1. A visible light image and laser radar data fusion method based on deep learning and applicable to three-dimensional reconstruction of outdoor buildings comprises the following steps:

step 102: projecting the point cloud collected by the laser radar to an imaging plane of the visible light camera to obtain a corresponding sparse depth map;

step 302: obtaining an intermediate feature vector representation of one of the two images by 5 ResNet rolling blocks of the result obtained in the step 301;

step 401: selecting a point cloud processing classical network PointNet + + as a point cloud characteristic encoder;

step 402: grouping the input point clouds, and extracting the features of each group: carrying out dimensionality change, carrying out convolution operation, and finally carrying out maximum pooling according to a PointNet mode to obtain characteristics;

step 501: the decoder uses the multi-scale image features from the image encoder and the point features from the point cloud encoder, and consists of four transposed convolutional layers and a convolutional layer, and the transposed convolutional layers up-sample the features;

step 502: projecting the point features onto each transposed block in the same proportion as the image features by feature projection;

which represents the affinity of the reference pixel,

denotes the positions of (m, n) and (i, j)Affinity of the pixel.
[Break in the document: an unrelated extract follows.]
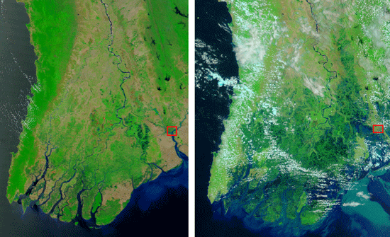 左邊的衛(wèi)星圖片是4月15日拍攝的,人們可以看到伊洛瓦底江向南流去,分成眾多的支流。在有植被和農(nóng)田覆蓋的背景下,人們可以很清晰地看到河流和湖泊。

The first term to the right of the formula represents the propagation of the reference pixel and the second term represents the propagation affinity of the neighborhood weighted by the corresponding pixel.

Step 604: in order to ensure the stability of the transmission, the affinity is normalized by combining confidence coefficient before the transmission, and Tanh-gamma-Abs-Sum is adopted ^* The process of (1), formula:

Constructing a loss function of the depth map completion network;

wherein D ^gt Is a groudtuth depth map, D ^pred Is a depth map predicted by the algorithm, d _υ V and | v | represent the depth value at the pixel index v, D, respectively ^gt P is 1 denotes l ₁ Loss, 2 denotes l ₂ Loss;

step 702: introducing a Chamfer Distance (CD) in 3D point cloud processing, wherein the CD represents that the average value of the points which are closest to each other in two point sets is obtained, and the calculation formula is as follows:

L＝μL _recon +(1-μ)L _CD

wherein mu is a weight coefficient lost by depth map reconstruction;

step 901: replacing a depth map calculation part in OpenMVS, and obtaining a dense point cloud by a method of fusing multi-frame depth maps according to a camera pose calculated by COLMAP and a dense depth map predicted by a depth map completion network.